If we use ${{e}^{x}}$ as the first function and $x$ as the second and integrate by parts.
$\int{x.{{e}^{x}}dx={{e}^{x}}\int{x.dx-\int{\left( {{e}^{x}}\int{x.dx} \right)dx}}}$
$=ex.\dfrac{{{x}^{2}}}{2}-\int{{{e}^{x}}.\dfrac{{{x}^{2}}}{2}}.dx+c$
If we apply integration by parts to be second term, we again get a term with a ${{x}^{3}}$ and so on.
This not only complicates the problem but spells disaster.

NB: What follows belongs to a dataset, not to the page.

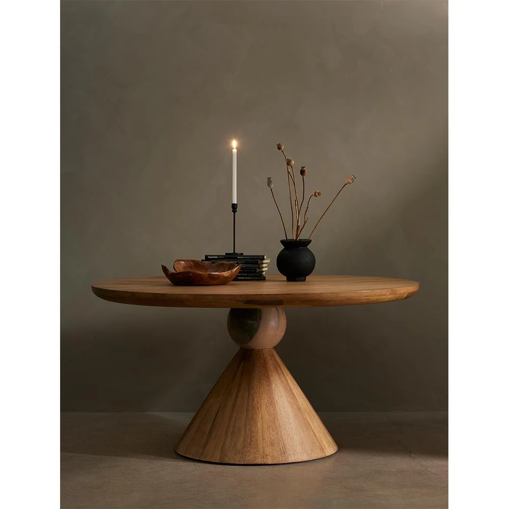 • Robin French Brown Reclaimed Pine Wood Round Pedestal Dining Table - 59''W|Kathy Kuo Home

But if you had chosen $x$ to be the first and ${{e}^{x}}$ to be second. The integral would have been simply to evaluate.
$\int{x{{e}^{x}}dx=x\int{{{e}^{x}}dx-\int{\left( \dfrac{d}{dx}x\int{\left( {{e}^{x}}.dx \right)} \right)dx}}}$
$={{e}^{x}}.x-{{e}^{x}}+c$

Note: Apply integration by parts and replace the term. Of $'t'$ by $'x'$ as it gets easy to solve the problem and also consumes less time and again after getting the solution replace $'x'$ by $'t'$
Remember the rules of multiplication and division as if the denominator gets converted into a numerator it gets reciprocated.